Another approach I would try is by using #map
clients.map{ |key, _| key if clients[key] == {"client_id"=>"2180"} }.compact
#=> ["orange"]
This will return all occurences of given value. The underscore means that we don't need key's value to be carried around so that way it's not being assigned to a variable. The array will contain nils if the values doesn't match - that's why I put #compact at the end.

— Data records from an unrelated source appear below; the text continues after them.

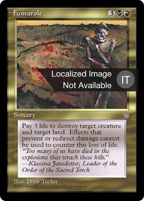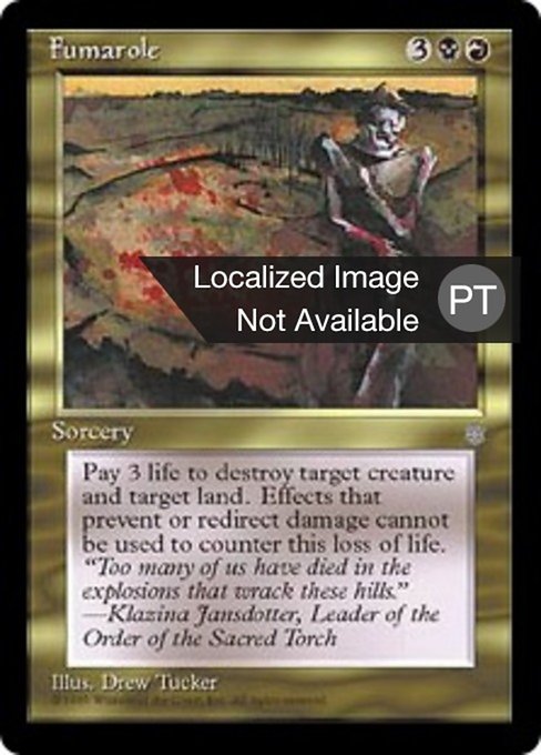 |  Variations— Parts— | FumaroleAs an additional cost to cast this spell, pay 3 life. Destroy target creature and target land.
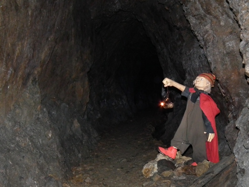 méterre a bejárattól néhány bányamanó fogadja a látogatókat, akik megvilágítják
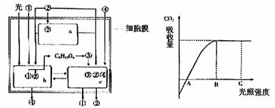 29.(16分)图1表示细胞代谢的某些过程,图2表示光照强度与二氧化碳吸收量的关系。请据图回答问题:(图中数字代表物质,a、b、c代表细胞器)
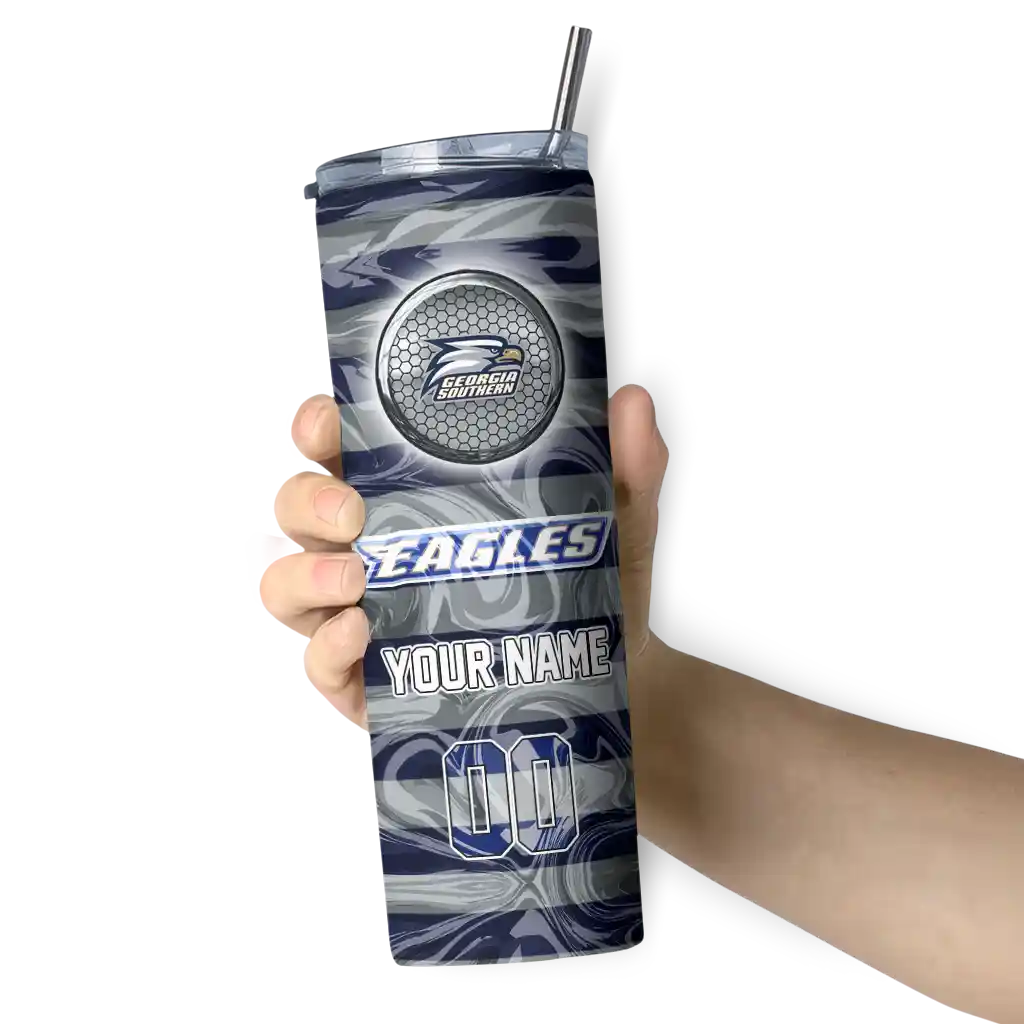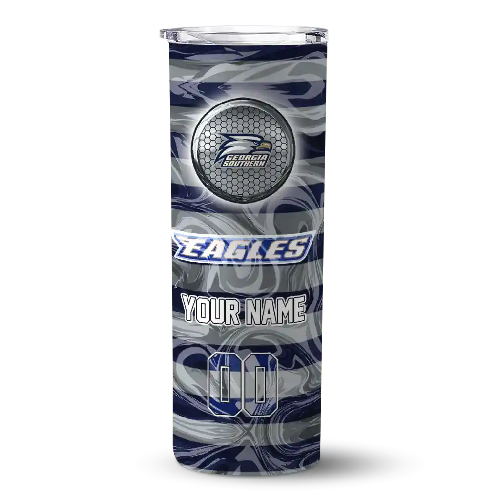 No question about it—the Custom Georgia Southern Eagles Hex Texture Blue Curved Tumbler is the ultimate way to stay refreshed while rocking your Georgia Southern Eagles pride. From the stadium to your tailgate, or just chilling at home, this sleek tumbler makes sure you stay hydrated in style. What’s in the box? A stainless steel tumbler, clear lid, and removable straw—all the essentials for keeping your favorite drinks on point!
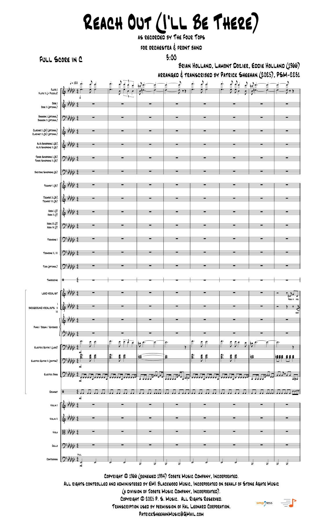 Transcribed as recorded by The Four Tops and arranged for front band & orchestra.
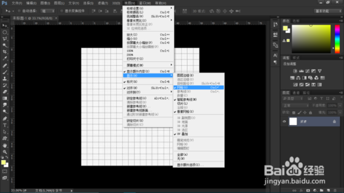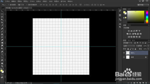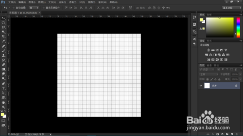 打開PS,新建圖層,大小隨意,我這里用了是50厘米×50厘米的!背景顏色用的是純白色。 鼠標(biāo)點擊視圖——顯示——網(wǎng)格 ,調(diào)出網(wǎng)格,也可以用快捷鍵【Ctrl】+【'】。然后再用【Ctrl】+【r】調(diào)出標(biāo)尺!
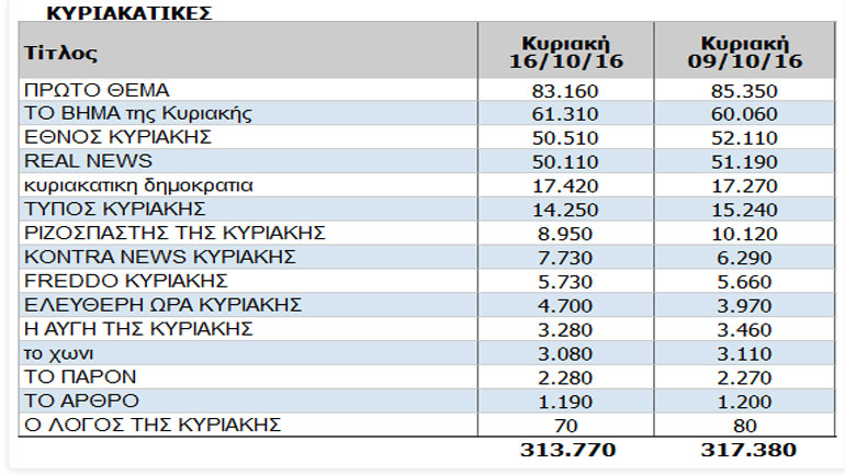 Δείτε στον πίνακα τι πούλησαν τα κυριάκατικα τις δύο προηγούμενες εβδομάδες:
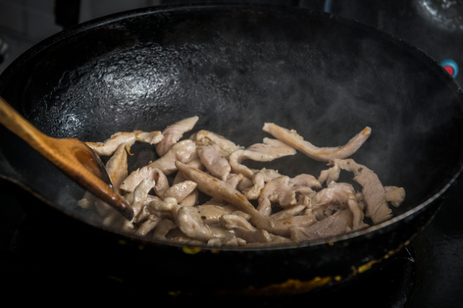 Em um fio de óleo quente, frite o gengibre e depois o alho, até dourar. Essa etapa realça o sabor dos ingredientes quando misturados ao molho. Frite separadamente a carne vermelha e o frango, temperados com sal e pimenta, até ficarem ao ponto. Em seguida, misture todos os ingredientes.
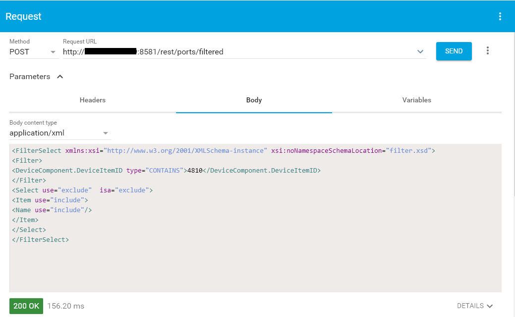 curl --header "Content-Type: application/xml" --request POST --data '<FilterSelect xmlns:xsi="http://www.w3.org/2001/XMLSchema-instance" xsi:noNamespaceSchemaLocation="filter.xsd"><Filter><DeviceComponent.DeviceItemID type="CONTAINS">4810</DeviceComponent.DeviceItemID></Filter><Select use="exclude" isa="exclude"><Item use="include"><Name use="include"/></Item></Select></FilterSelect>' --url http://DAhostname:8581/rest/ports/filtered
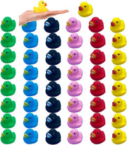 💦【Tiny colorful duckies】: The set contains 50 pcs mini ducks of the same size:1.5"L x 1.4"W x 1.4"H.It is perfect for your baby's little hands.
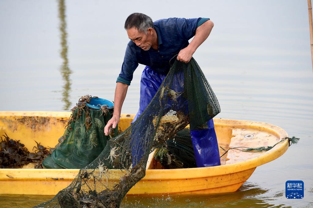 中秋節臨近,安徽省蚌埠市五河縣沱湖鄉的蟹農們忙著(zhù)進(jìn)行大閘蟹的捕撈、分揀和外銷(xiāo)工作,供應節日市場(chǎng)。近年來(lái),當地依托優(yōu)質(zhì)水域,大力發(fā)展大閘蟹養殖業(yè),為當地農戶(hù)開(kāi)辟了一條特色養殖的致富路。
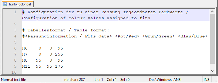 In the sys directory of your HiCAD installation you will find the configuration file fitinfo_color.dat, where the assigning of RGB colour values to fits data is specified.
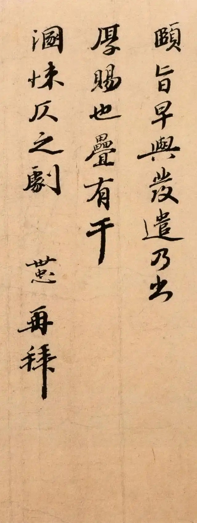 世忠再拜。日者事绪种种’每荷周全,自非高义,何以及此。世忠近以私家身物,悉进朝廷,复得圣旨,令世忠般 取缕细。专遣人拜闻,谅已垂念。若更蒙颐旨,早与发遣,乃出厚賜也。叠有干溷,悚仄之剧。世忠再拜。
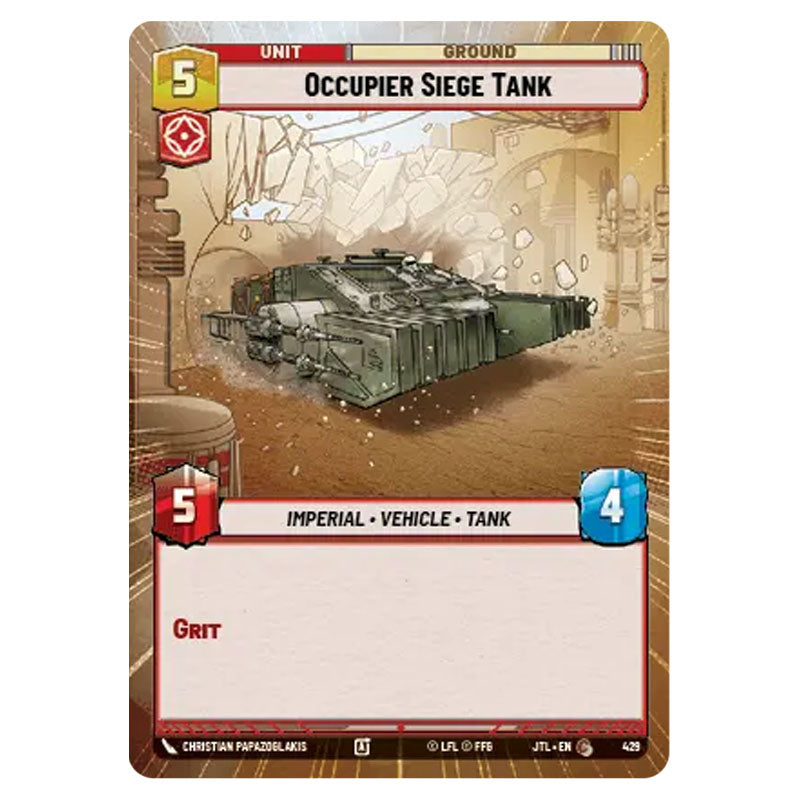Occupier Siege Tank is a Common hyperspace card from the Star Wars Unlimited set Jump to Lightspeed (429)
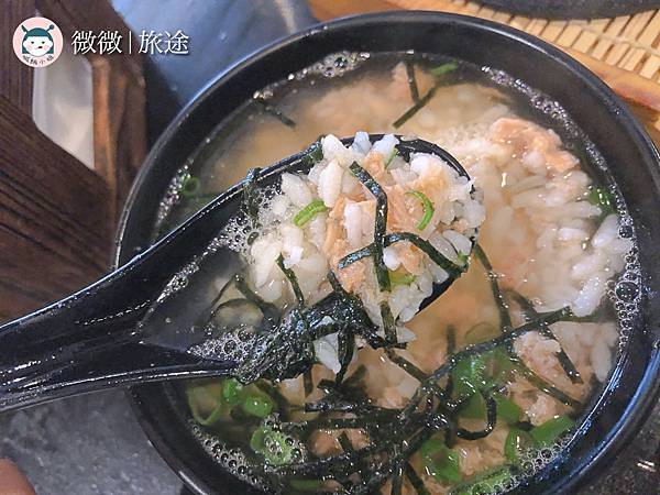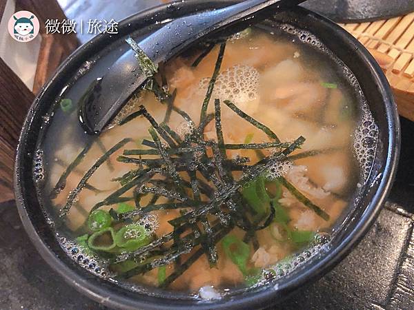 <茶泡飯-鮭魚>我自己個人是鮭魚的愛好者,超級愛吃茶泡飯的,但個人覺得這家的米偏軟爛,湯頭的幾乎沒有茶香,有一點點小失望
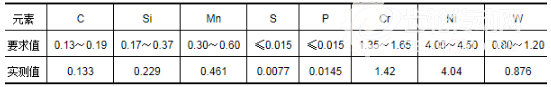 18Cr2Ni4WA化學成分要求及實測值如附表所示,本體解剖的化學成分符合技術要求。
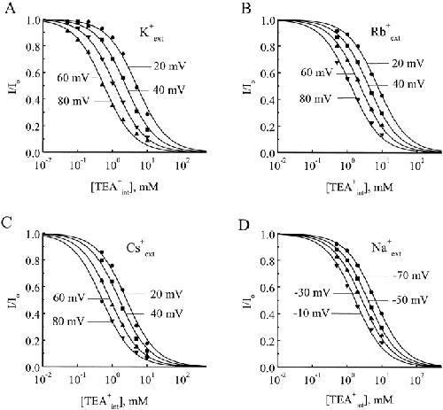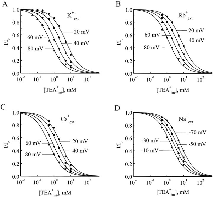 Figure 2. Tetraethylammonium inhibition curves. The fractions of unblocked currents (I/Io) were plotted against the concentration of intracellular TEA ([TEAint]) for several representative membrane voltages. Curves superimposed on the data correspond to least-squares fits using I/I0 = TEAKobs/(TEAKobs + [TEAint]), where TEAKobs is the observed TEA equilibrium dissociation constant. The alkali metal ions (100 mM) contained in the pipette solution were as indicated.
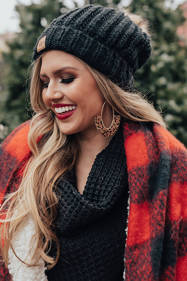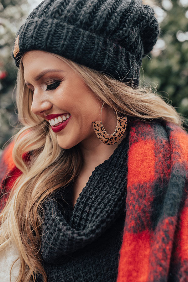 Wow the crown in our brown "Cocoa Occasion" statement earrings featuring skinny gold oval hoops with a faux leather fan accent patterned with a black leopard print!
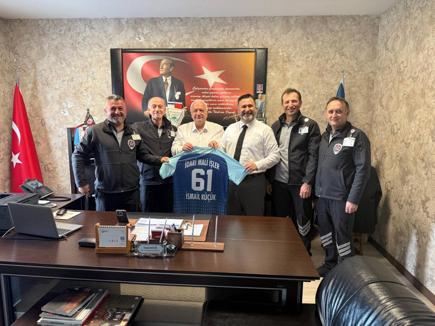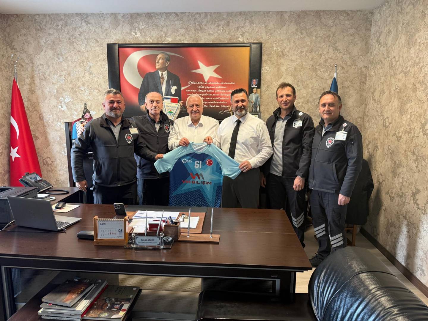44. Spor Şölenine hazırlık sürecince takım kaptanlarımız ile birlikte Daire Başkanımıza bir ziyaret gerçekleştirdik. Geçen yıl ki başarı ve bu yılın hazırlık süreçlerinin konuşulduğu toplantıda, yeni formamızın ilk örneğini takıma verdiği desteklerinden dolayı İdari ve Mali İşler Daire Başkanımız İsmail KÜÇÜK'e hediye ettik.
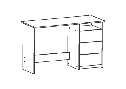 Psací stůlMá 3 šuplíky pro ukládání dokumentů, velmi praktický výklenek. Zásuvkovou jednotku lze namontovat vlevo nebo vpravo.
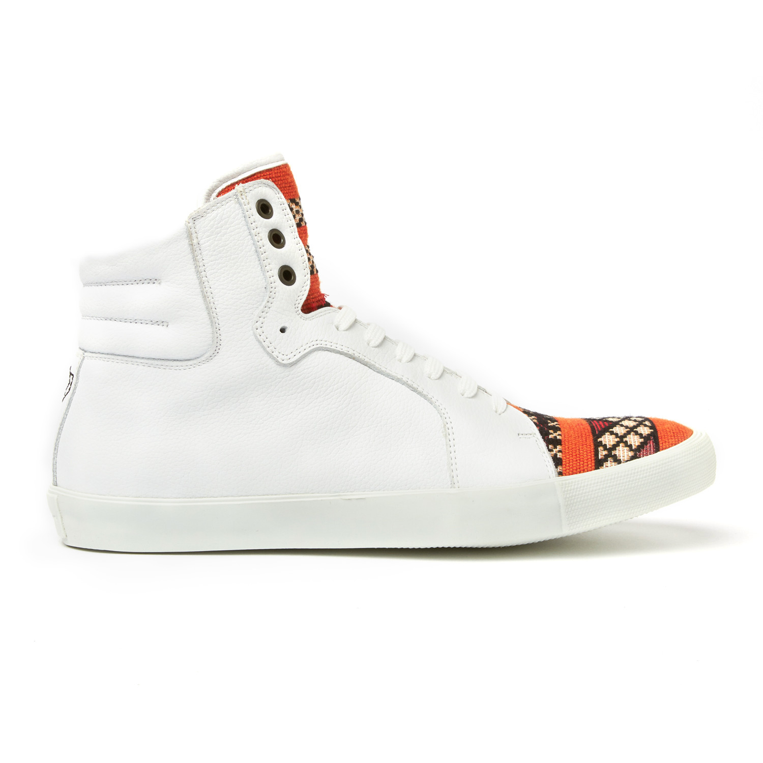 The Samrock in White and Orange is the only sneaker that Cobra Society has put out in 2015 — because it's the only sneaker that you need. With a luxe white leather and a handwoven Moroccan tapestry for some flair, Samrock is your feet's new favorite.
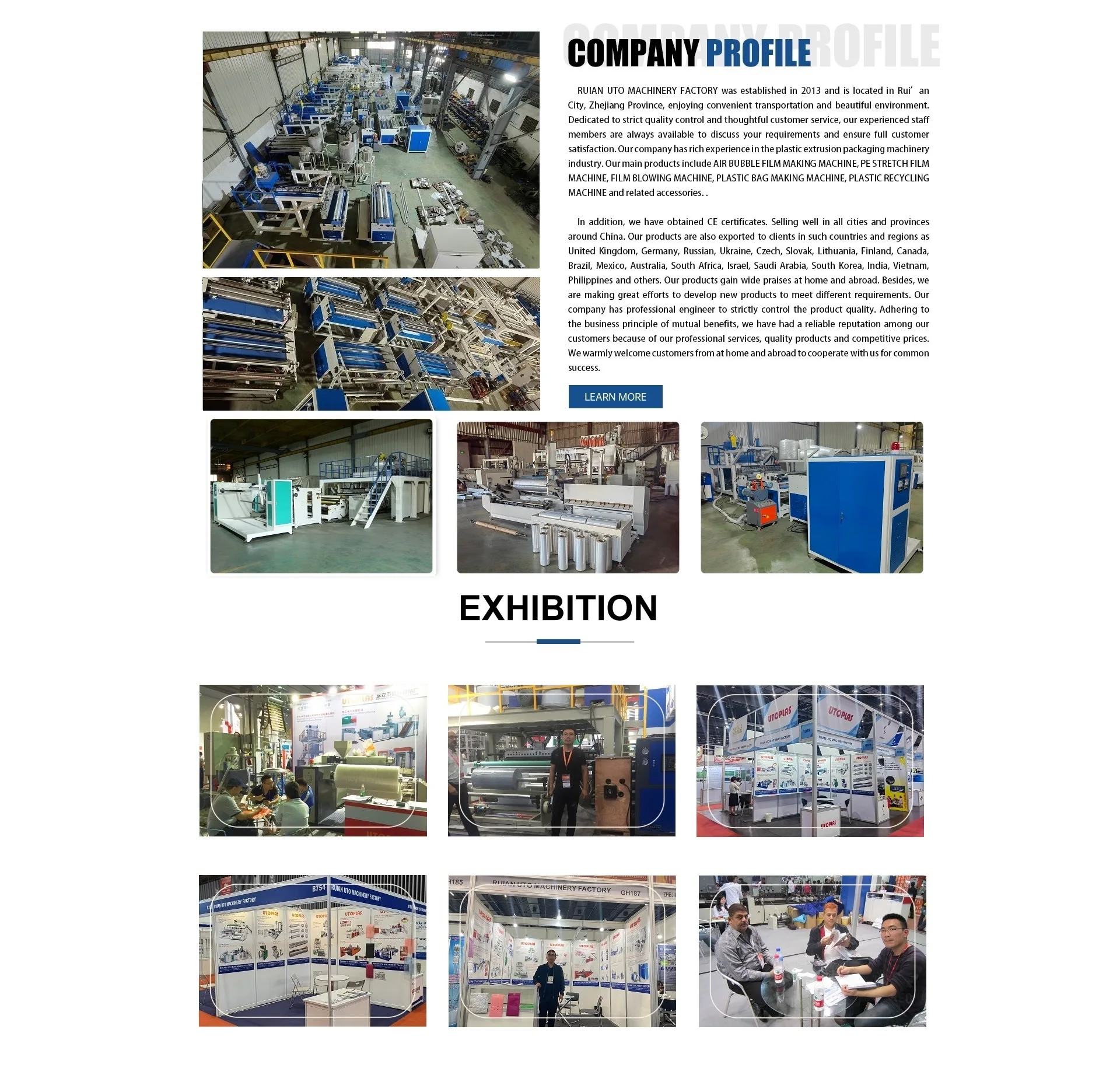 Principais produtos:Máquina de fazer filme de bolha de ar, máquina de filme elástico, máquina de sopro de filme, reciclador de aparamento de borda on-line, máquina de reciclagem de filme plástico
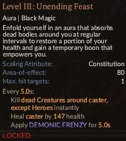 不错,但也就这样了。这是个不错的技能,具有高额的反生命纯伤害,对某些 bosses 效果很好。三级时有范围伤害,但范围太小,实际效果有限,冷却时间也相当长。在我看来,它并非绝对必要,但学了也不会后悔。 4. 不洁盛宴(防御技艺协同)
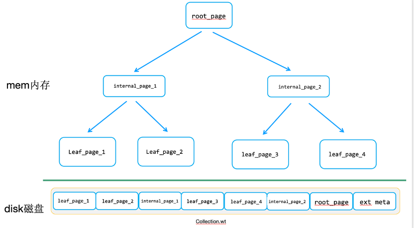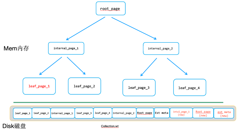 最终两次 checkpoint 后,collection.wt 中包含了两次 checkpoint 的全部用户数据和 ext 元数据,每个 checkpoint 都对应一颗完整的 b+ tree,假设第一次 checkpoint 对应 checkpoint_1,第二次 checkpoint 对应 checkpoint_2, 则:

Heres an easy way to do find the keys of a given value:
clients = {
"yellow"=>{"client_id"=>"2178"},
"orange"=>{"client_id"=>"2180"},
"red"=>{"client_id"=>"2179"},
"blue"=>{"client_id"=>"2181"}
}
p clients.rassoc("client_id"=>"2180")
...and to find the value of a given key:
p clients.assoc("orange")
it will give you the key-value pair.